* [Exercise requirements]:
Beginning with the line that contains "同时,美的采暖根据市场变化,为经销商打造" and ending with the line that contains "ASOS DESIGN - Costume", reproduce the lines of the entries below exactly, omitting pictures.

* [Material supplied]:
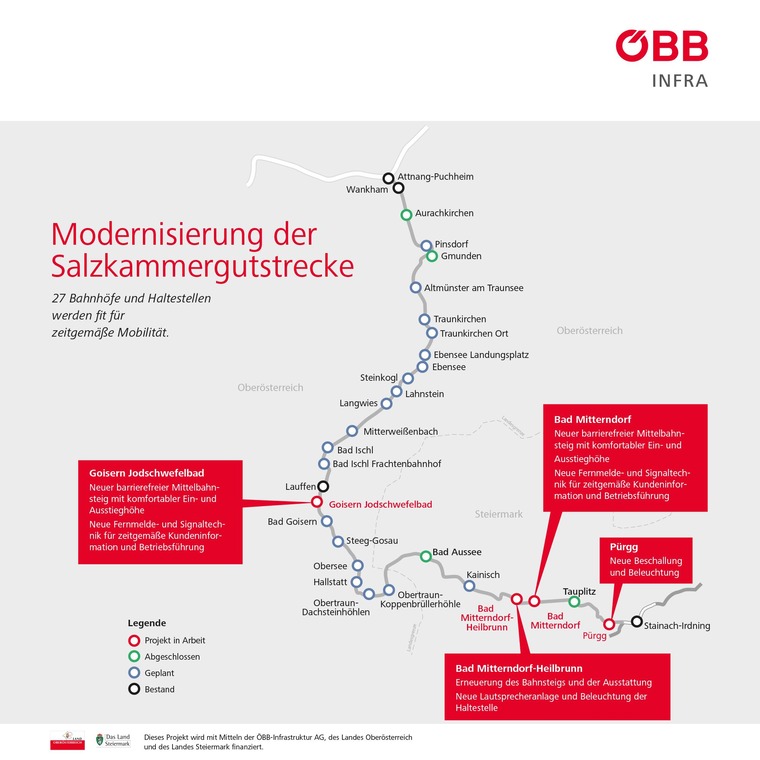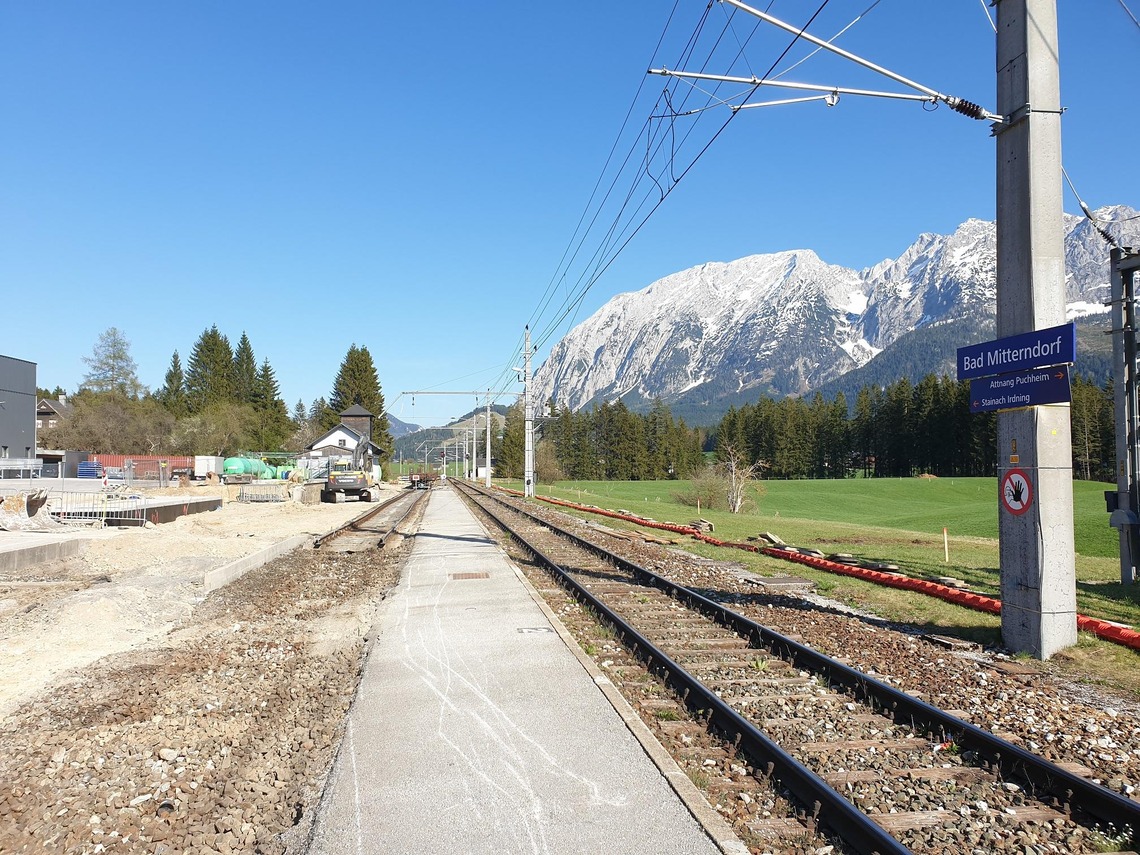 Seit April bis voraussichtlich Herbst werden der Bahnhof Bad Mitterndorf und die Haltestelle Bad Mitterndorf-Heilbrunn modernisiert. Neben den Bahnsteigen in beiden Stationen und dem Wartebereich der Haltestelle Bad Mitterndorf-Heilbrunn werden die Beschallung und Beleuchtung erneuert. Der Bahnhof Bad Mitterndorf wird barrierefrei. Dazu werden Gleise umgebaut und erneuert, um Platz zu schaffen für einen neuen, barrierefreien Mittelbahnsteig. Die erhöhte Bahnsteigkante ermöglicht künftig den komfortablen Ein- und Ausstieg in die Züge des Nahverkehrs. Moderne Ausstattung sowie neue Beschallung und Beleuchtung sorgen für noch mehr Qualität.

==

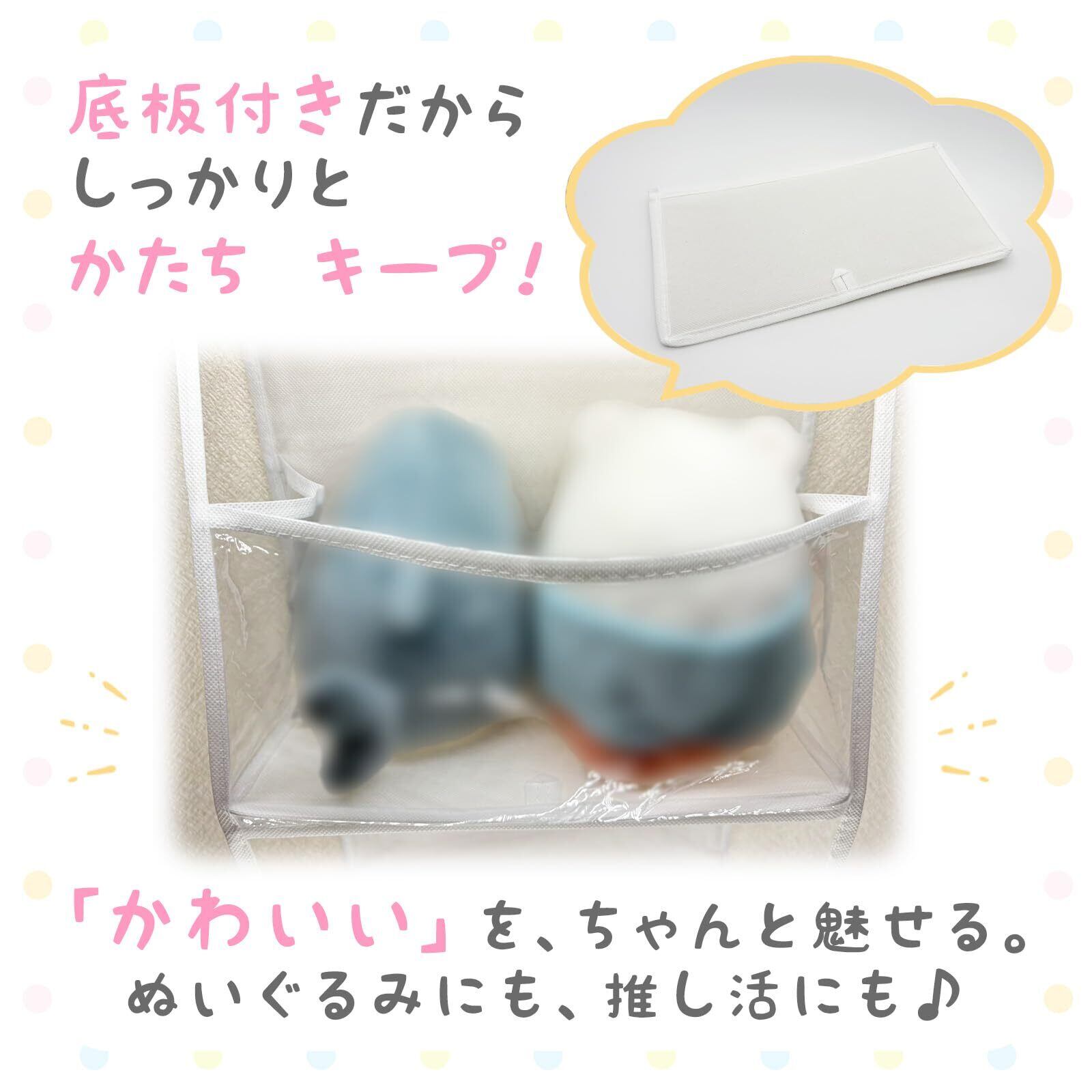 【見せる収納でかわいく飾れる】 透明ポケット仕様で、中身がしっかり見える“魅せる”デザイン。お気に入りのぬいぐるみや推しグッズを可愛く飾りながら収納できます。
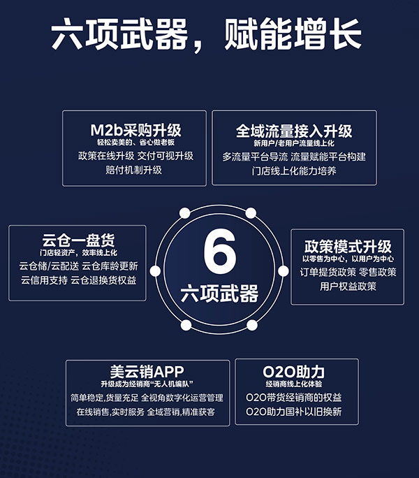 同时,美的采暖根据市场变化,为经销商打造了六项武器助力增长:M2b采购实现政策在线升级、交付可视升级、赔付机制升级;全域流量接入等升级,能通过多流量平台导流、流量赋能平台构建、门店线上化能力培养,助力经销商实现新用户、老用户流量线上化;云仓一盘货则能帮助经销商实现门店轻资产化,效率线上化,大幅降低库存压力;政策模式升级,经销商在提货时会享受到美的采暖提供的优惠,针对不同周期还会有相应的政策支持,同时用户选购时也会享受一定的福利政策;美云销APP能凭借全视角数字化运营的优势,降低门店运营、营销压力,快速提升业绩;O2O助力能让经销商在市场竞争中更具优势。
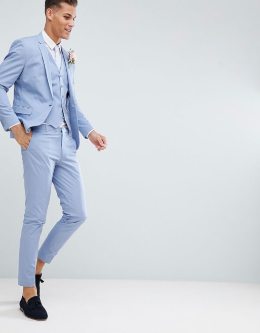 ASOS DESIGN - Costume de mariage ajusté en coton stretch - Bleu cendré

* [Output of the task]:
 同时,美的采暖根据市场变化,为经销商打造了六项武器助力增长:M2b采购实现政策在线升级、交付可视升级、赔付机制升级;全域流量接入等升级,能通过多流量平台导流、流量赋能平台构建、门店线上化能力培养,助力经销商实现新用户、老用户流量线上化;云仓一盘货则能帮助经销商实现门店轻资产化,效率线上化,大幅降低库存压力;政策模式升级,经销商在提货时会享受到美的采暖提供的优惠,针对不同周期还会有相应的政策支持,同时用户选购时也会享受一定的福利政策;美云销APP能凭借全视角数字化运营的优势,降低门店运营、营销压力,快速提升业绩;O2O助力能让经销商在市场竞争中更具优势。
 ASOS DESIGN - Costume de mariage ajusté en coton stretch - Bleu cendré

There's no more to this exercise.